Война миров
Шрифт:
Все или ничего.
Павлов не спеша спустился к нам. Держался он щеголевато, и новенькая форма – полковника службы специальной безопасности – была ему к лицу. Ну и пусть, что повседневная. В конце концов, не праздник какой, не парад. Интересно только: что сказал бы Алистер Торн? Павлов перешел в его ведомство, да еще и с повышением в звании.
Радха следила за ним исподлобья, и я видела, сколько в этом ее жесте нарочитости. У них была своя игра. Но эта игра не предполагала смерти кого-то из игроков. Просто так нужно было, чтобы Радха обижалась, а Павлов игнорировал ее обидки.
– Ну вот что, девушки, давайте без глупостей. Эту игру вы продули с сухим счетом. Оружие сюда. И если будете вести себя хорошо, то завтра к
– А если плохо? – уточнила Радха.
– Тогда закончатся раньше.
У Радхи неподдельно вытянулось лицо. Вытянулось и окостенело. Плохо ж ты знаешь своего учителя, подумала я. А я, например, чего-то подобного и ожидала. Хотя и не одобряла. На мой взгляд, Павлов староват для подобных эскапад.
Тем не менее я бросила пистолет к его ногам. И нож тоже. Павлов подобрал. Очень внимательно оглядел меня, потом Радху. Кивнул на машину:
– Радха, за штурвал. А мы с Деллой поедем сзади.

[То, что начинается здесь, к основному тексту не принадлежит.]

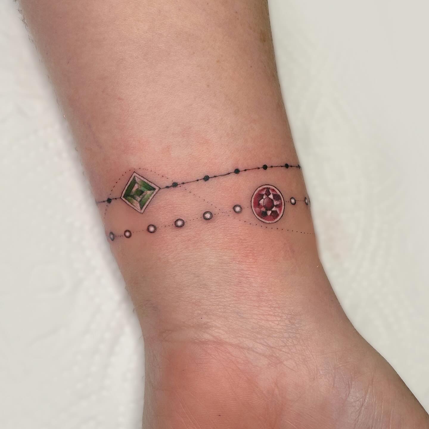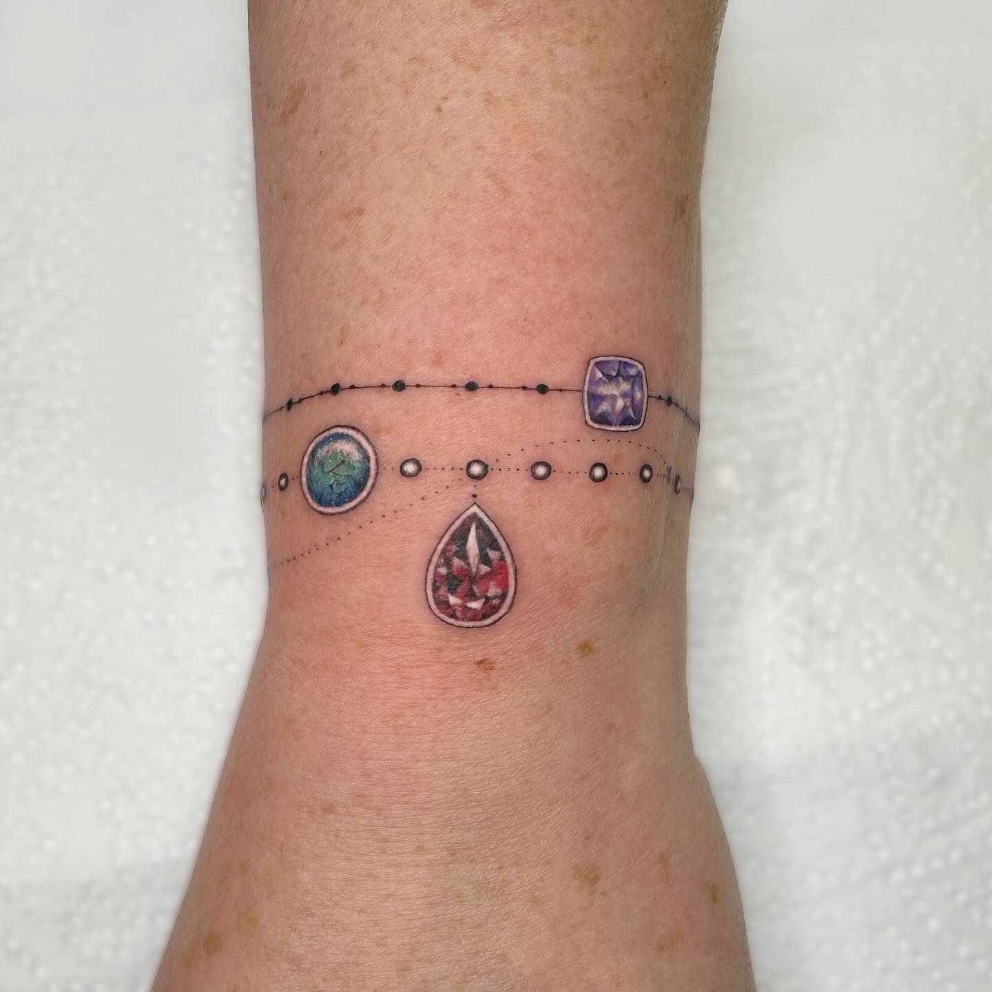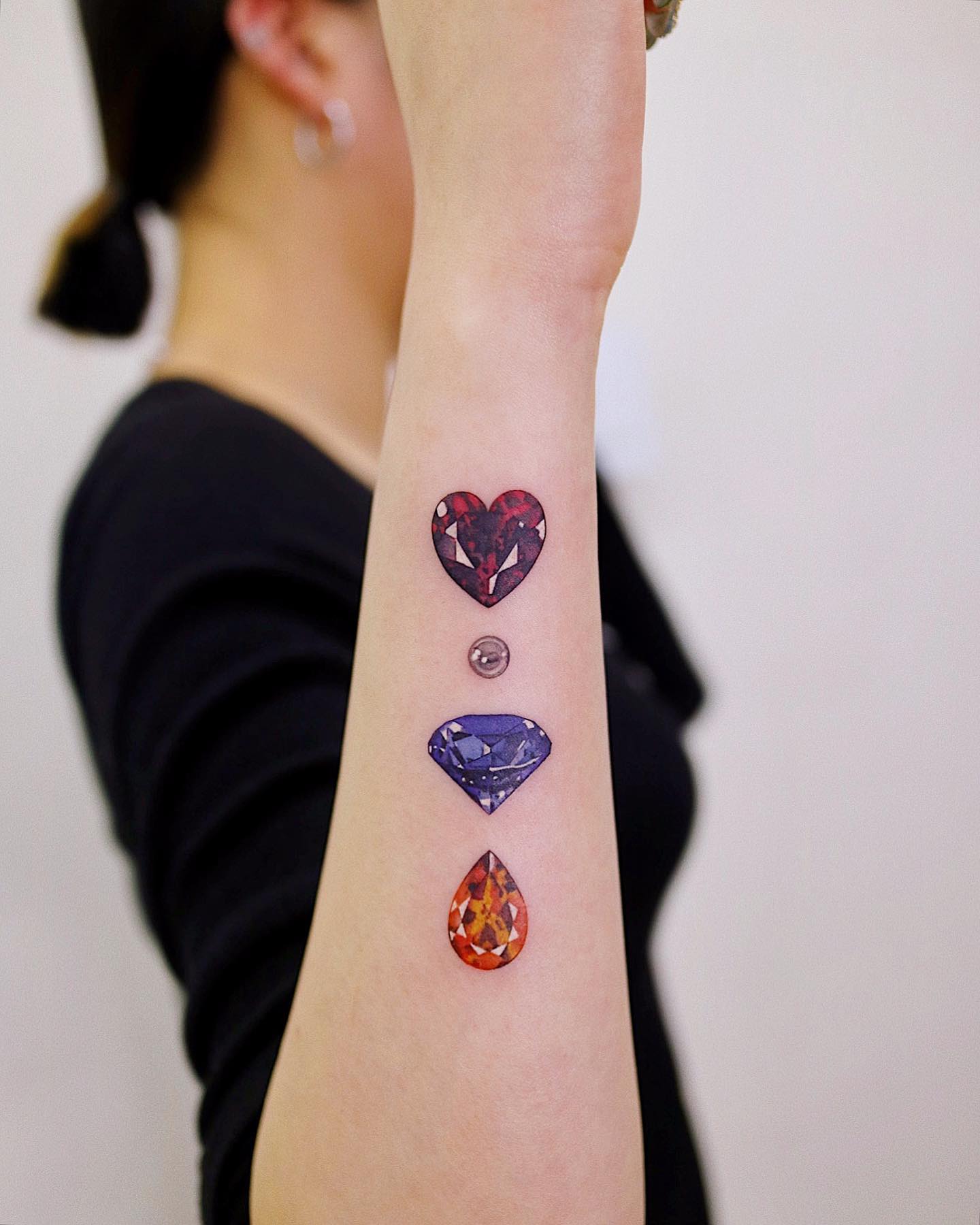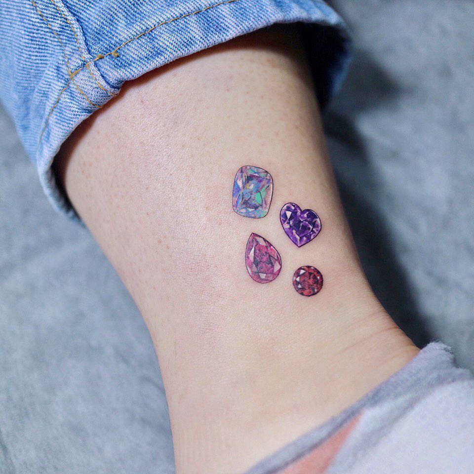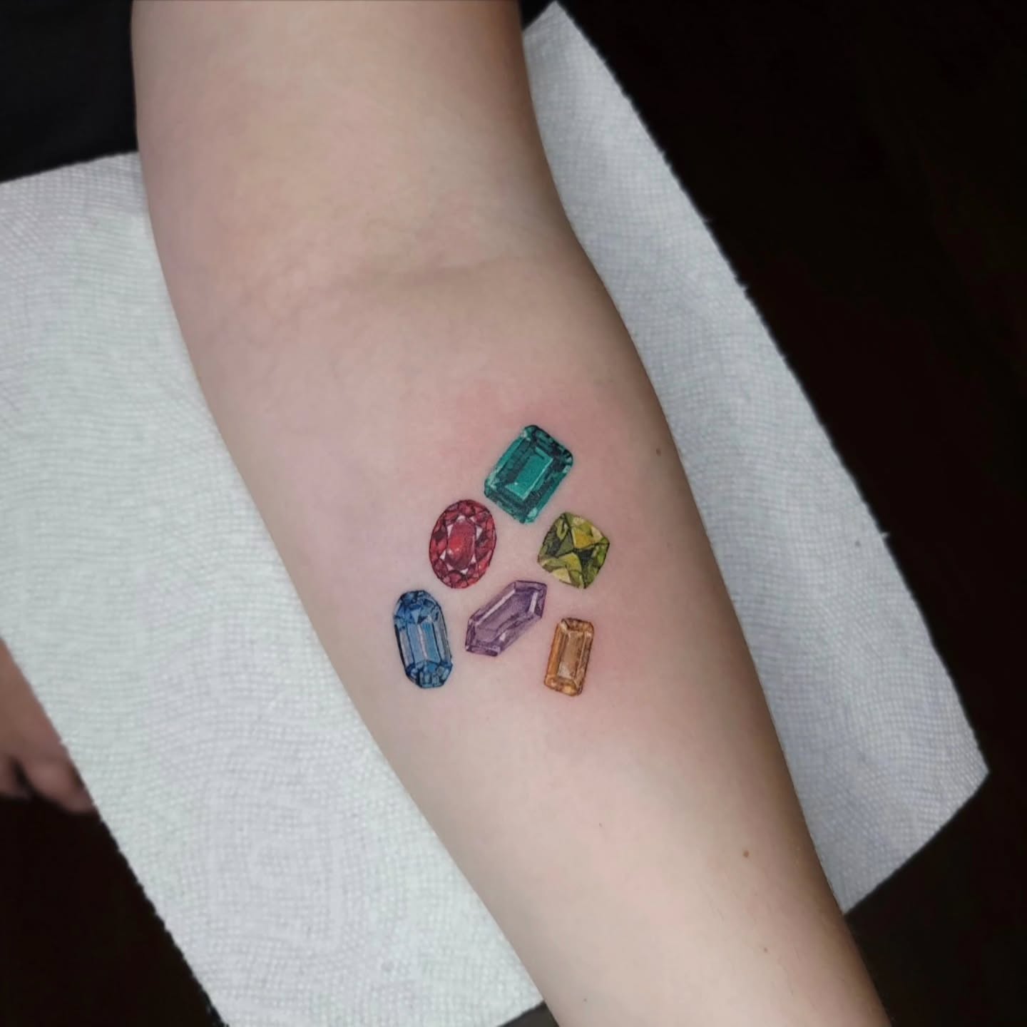 This tattoo design is perfect for those who want a subtle yet meaningful way to represent their birthstones or favorite colors.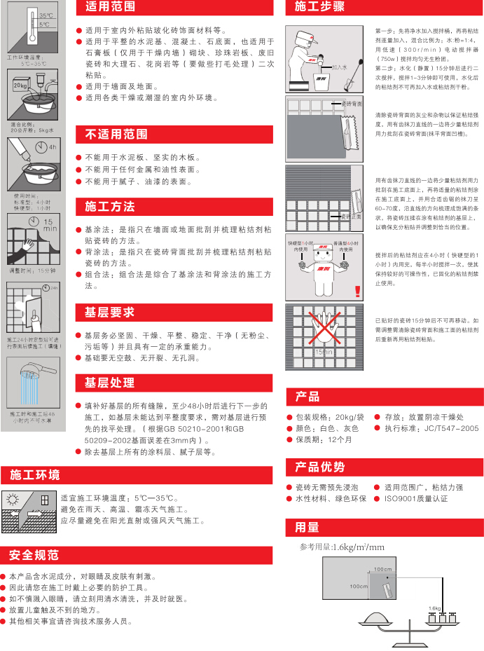 適用于室內(nèi)外粘貼;u飾面材料等。

Она подчинилась, но с заминкой. Я понимала, в чем дело: ее слух. Она превосходно читала по губам, но как она поймет, о чем мы говорим, если будет сидеть к нам спиной? Она даже не услышит, если Павлов прирежет меня и решит придушить ее.
Кажется, Радха хотела удрать. Наверное, от отчаяния, потому что, на мой взгляд, побег сейчас был бы дуростью. Павлов откомментировал ее действия несколькими короткими и хлесткими фразами на немецком; я немецкого не знала, поэтому не поняла. Радха сдулась. То есть она еще хорохорилась, она всей позой показывала, что дорого продаст свою жизнь, а Павлов только усмехнулся. Очень жестоко усмехнулся.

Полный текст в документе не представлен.